In STATA, generate data with the `PS813_EX1` function:
```{}
net install PS813_EX1, from(https://faculty.polisci.wisc.edu/weimer/)

PS813_EX1 yourseed

save "EX1.dta"
```

# 1. A plot of Legislative Activity by Terms in Office

```{r plot_variables}
## STATA: plot Leg_Act terms
## R: 
ggplot(d, aes(y = Leg_Act, x = terms)) + 
  geom_point()
```

```{r correlation_variables}
## STATA: corr Leg_Act terms
## R: 
corXY <- cor(d$Leg_Act, d$terms)
corXY
```
The correlation between Legislative Activity and Terms in Office is `r corXY`

# 2. Estimating linear regression
```{r regression}
## STATA: regress Leg_Act terms
## R: 
model <- lm(d$Leg_Act ~ d$terms)
# summary(model)
alpha <- model$coefficients[1]
beta <- model$coefficients[2]
```
<!-- We can print R objects right in the text by typing "r object"" in grave accent ticks -->
Regression coefficients: $\alpha$ = `r alpha` and $\beta$ = `r beta`

# 3. Computing residuals
```{r residuals}
## STATA: predict p_Leg_Act
## R:
d$p_Leg_Act <- predict(model)

## STATA: generate resid = Leg_Act - p_Leg_Act
## R:
d$resid <- d$Leg_Act - d$p_Leg_Act
```

# 4. Plot of Residuals
```{r plot_residuals, fig.width = 5}
## STATA:  plot resid terms
## R:
ggplot(d) +
  aes(y = resid, x = terms) + # "aesthetics"
  geom_point() + # a layer of points
  ## to show how risiduals are the distance between an observation and the regression line:
  geom_hline(yintercept = 0) +
  geom_col(alpha = .1, width = .1, position = "dodge") +
  ## + labels:
  labs(title = "Residuals (Observed - Predicted Legislative Activity)",
       x = "Terms in Office",
       y = "Residuals")
```

# 5. $Cor(Y,\hat{Y})$
```{r correlation_observed_predicted}
## STATA: corr Leg_Act p_Leg_Act
## R:
correlation <- cor(d$Leg_Act, d$p_Leg_Act)
```
$Cor(Y,\hat{Y})$ = `r correlation`

# 6. $Cor(Y,\hat{Y})^2$ vs. $R^2$.
```{r correlation_vs_R2}
## STATA: generate r2 =r(rho)*r(rho)
## R: 
r2 <- summary(model)$r.squared
```
$R^2$ = `r r2`

# 7. Hypothesis test
\Large

Lorem ipsum $\beta = 0$

Lorem ipsum $\beta \neq 0$

# 8. Discussion
<!-- If printing assignments, it is nice to use \large or \Large text -->
\Large
\doublespacing
Lorem ipsum dolor sit amet, consectetur adipiscing elit, sed do eiusmod tempor incididunt ut labore et dolore magna aliqua.
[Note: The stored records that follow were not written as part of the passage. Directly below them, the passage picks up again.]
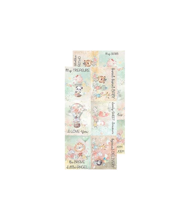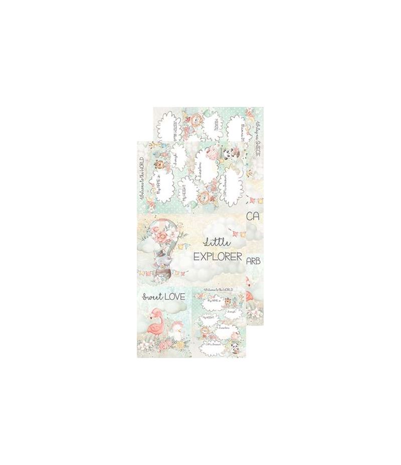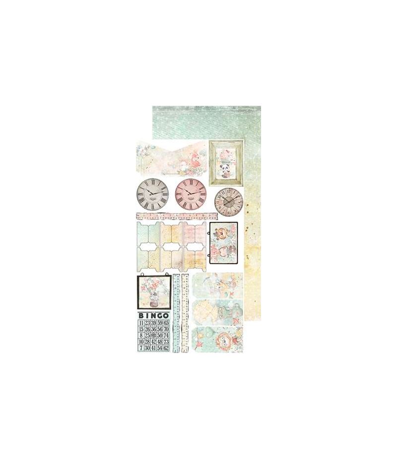 Bloc de 18 feuilles de motifs scrapbooking (pochette, étiquettes, tags...) à découper, de la marque Craft O Clock. Idéales pour réaliser un junk journal.
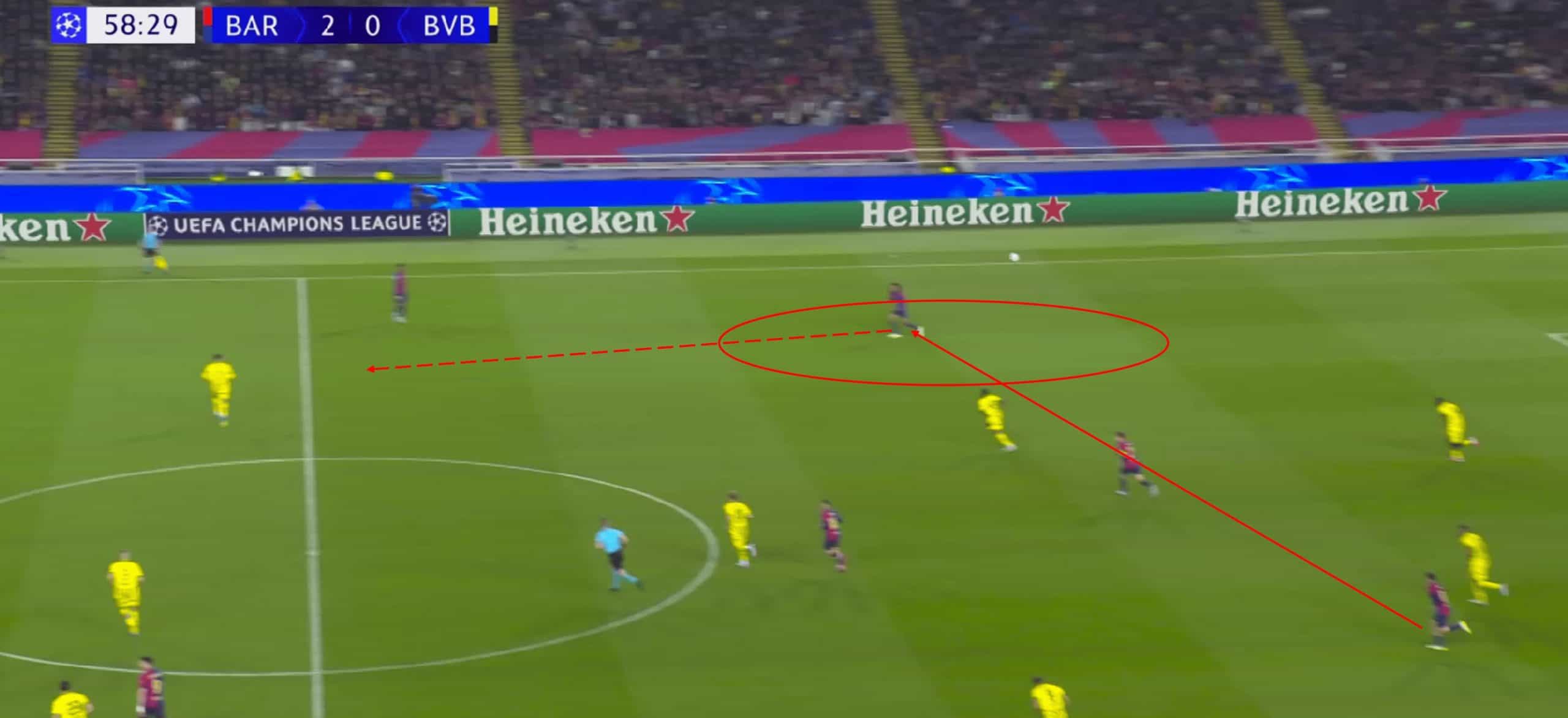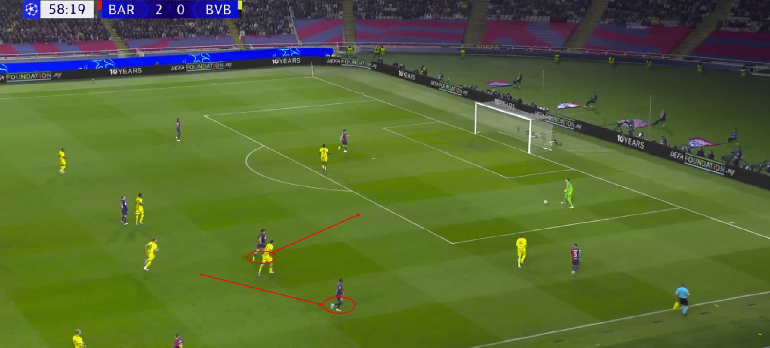 Pedri has enough time to control the ball and just play the switch to Koundé here, which again has Dortmund trying to recover their lost position.
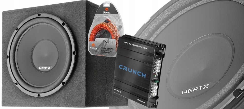ПОТУЖНИЙ БАС-БОКС З КАБЕЛЯМИ ПІДСИЛЮВАЧА HERTZ 1000 Вт
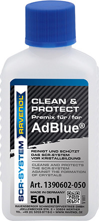 RAVENOL AdBlue® Clean & Protect Premix добавляется в бак для мочевины при каждой заливке AdBlue®. Флакона объёмом 50 мл достаточно на 12.5 л AdBlue®.
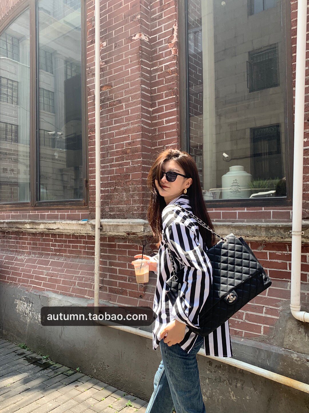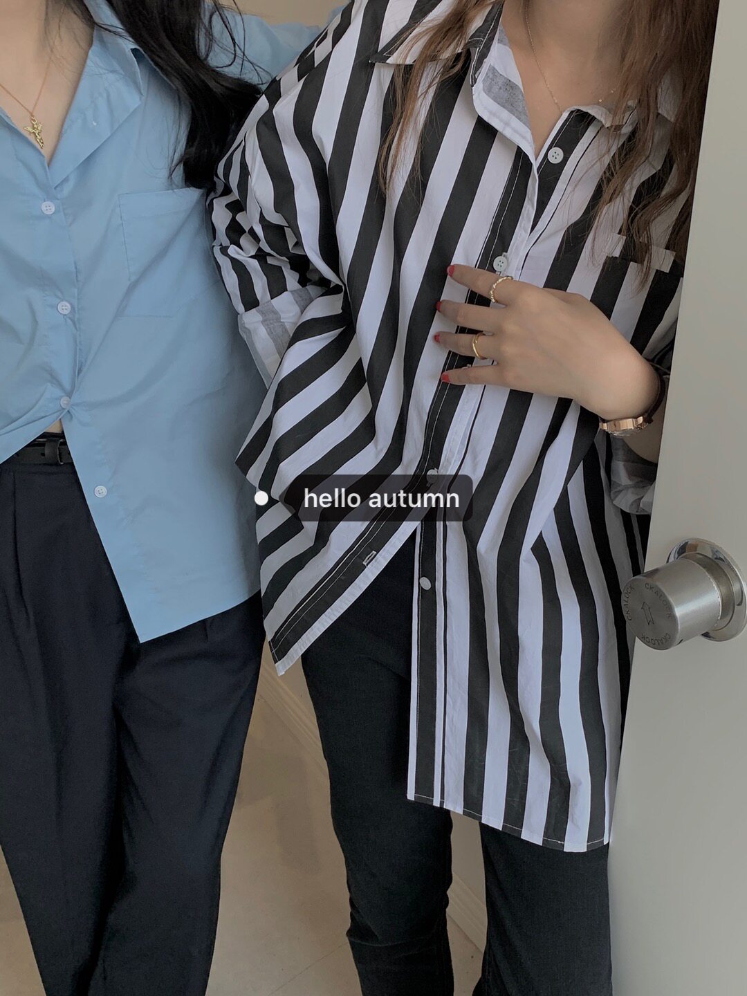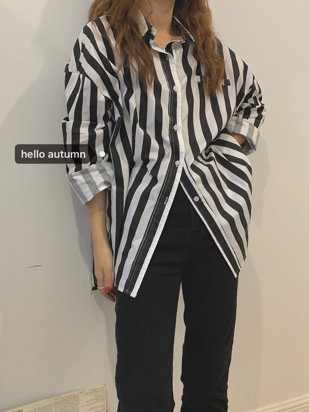 autumn Jun autum black and white thick striped shirt female spring and autumn long sleeve Korean loose versatile design style top
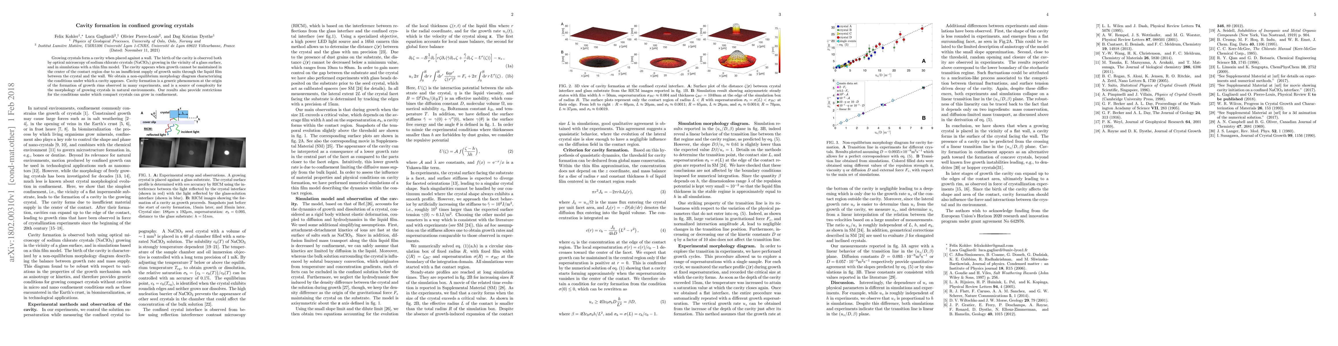 Growing crystals form a cavity when placed against a wall. The birth of the cavity is observed both by optical microscopy of sodium chlorate crystals (NaClO$_3$) growing in the vicinity of a glass surface, and in simulations with a thin film model. The cavity appears when growth cannot be maintained in the center of the contact region due to an insufficient supply of growth units through the liquid film between the crystal and the wall. We obtain a non-equilibrium morphology diagram characterizing the conditions under which a cavity appears. Cavity formation is a generic phenomenon at the origin of the formation of growth rims observed in many experiments, and is a source of complexity for the morphology of growing crystals in natural environments. Our results also provide restrictions for the conditions under which compact crystals can grow in confinement.
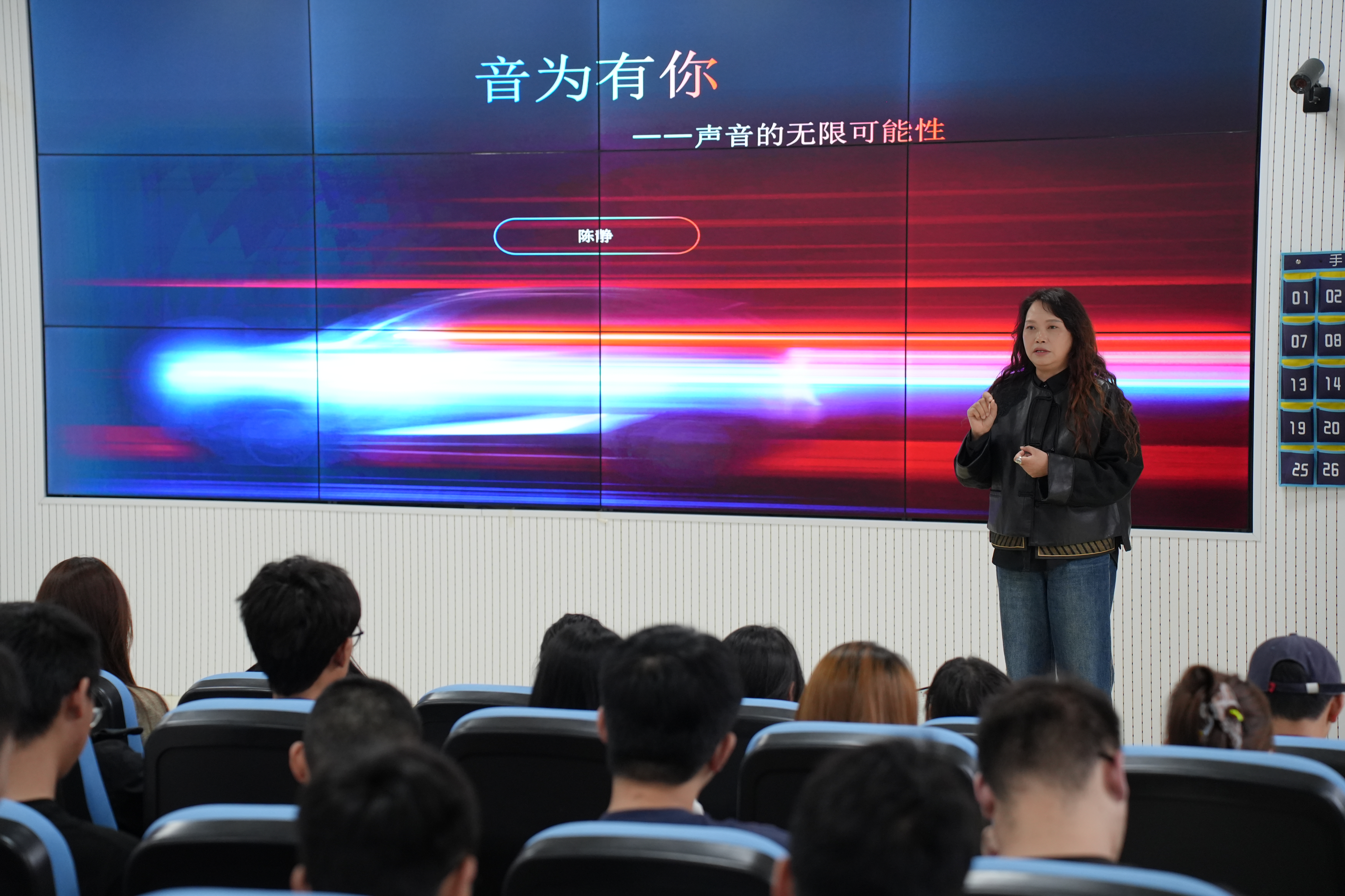 讲座中,陈静以“音为有你——声音的无限可能性”为题,引领同学们深入探索声音艺术的奇妙世界。她从声音的本质出发,运用生动形象的比喻和丰富详实的案例,向大家生动展示了声音在不同场景、不同情感状态下的多样变化,指出声音不仅是传递信息的重要载体,更是一种极具感染力的艺术形式。讲座还不时穿插经典剧目片断表演,生动展现文学作品的舞台张力和语言魅力,体现了语速和停顿对营造语言氛围的重要作用。

Ut enim ad minim veniam, quis nostrud exercitation ullamco laboris nisi ut aliquip ex ea commodo consequat. Duis aute irure dolor in reprehenderit in voluptate velit esse cillum dolore eu fugiat nulla pariatur. Excepteur sint occaecat cupidatat non proident, sunt in culpa qui officia deserunt mollit anim id est laborum.